> _Given entries_
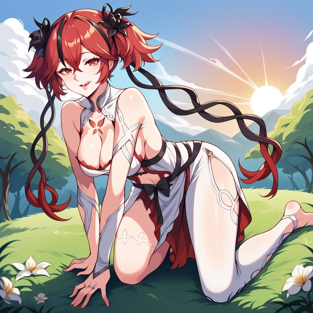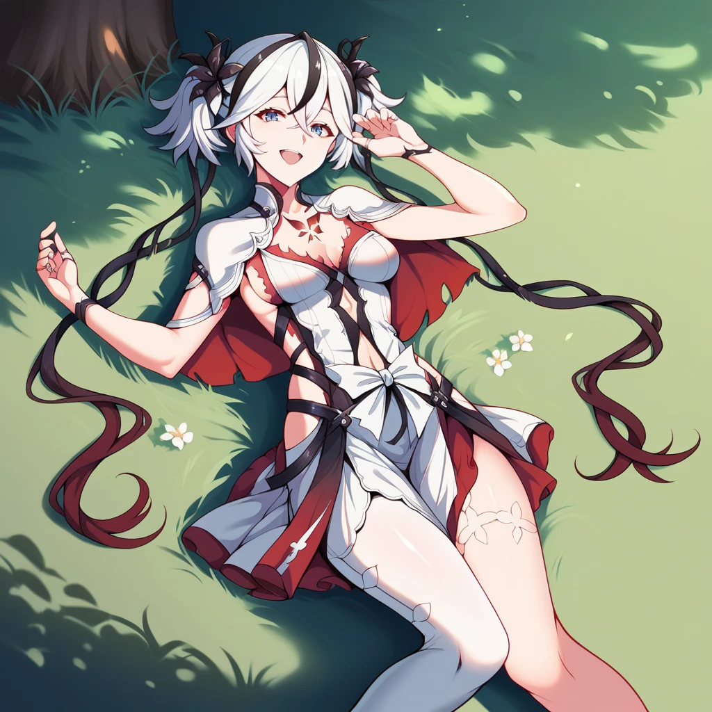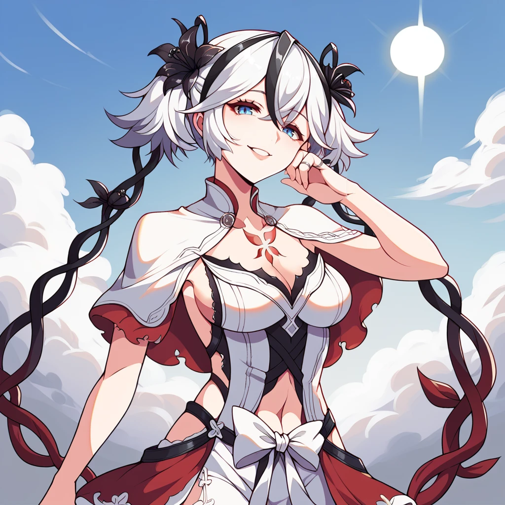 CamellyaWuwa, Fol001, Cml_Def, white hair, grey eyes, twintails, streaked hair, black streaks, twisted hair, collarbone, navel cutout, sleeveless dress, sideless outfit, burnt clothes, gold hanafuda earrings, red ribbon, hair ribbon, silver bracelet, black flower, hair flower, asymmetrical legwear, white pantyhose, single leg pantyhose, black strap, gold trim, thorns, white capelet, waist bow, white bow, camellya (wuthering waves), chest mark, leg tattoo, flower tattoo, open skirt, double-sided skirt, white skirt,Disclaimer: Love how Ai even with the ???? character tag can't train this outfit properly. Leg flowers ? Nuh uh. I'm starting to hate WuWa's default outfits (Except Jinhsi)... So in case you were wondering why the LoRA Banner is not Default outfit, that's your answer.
* * *
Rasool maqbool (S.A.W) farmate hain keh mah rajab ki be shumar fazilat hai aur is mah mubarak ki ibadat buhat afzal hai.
--
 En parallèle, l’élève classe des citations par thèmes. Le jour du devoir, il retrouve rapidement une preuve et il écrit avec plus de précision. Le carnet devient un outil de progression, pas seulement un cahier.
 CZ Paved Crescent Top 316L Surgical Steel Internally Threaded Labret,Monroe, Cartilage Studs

> _Brief_
Return a word-for-word copy of the lines above from the one holding "En parallèle, l’élève" through the one holding "CZ Paved Crescent", with both of them included and nothing besides.

> _Reply to the exercise_
 En parallèle, l’élève classe des citations par thèmes. Le jour du devoir, il retrouve rapidement une preuve et il écrit avec plus de précision. Le carnet devient un outil de progression, pas seulement un cahier.
 CZ Paved Crescent Top 316L Surgical Steel Internally Threaded Labret,Monroe, Cartilage Studs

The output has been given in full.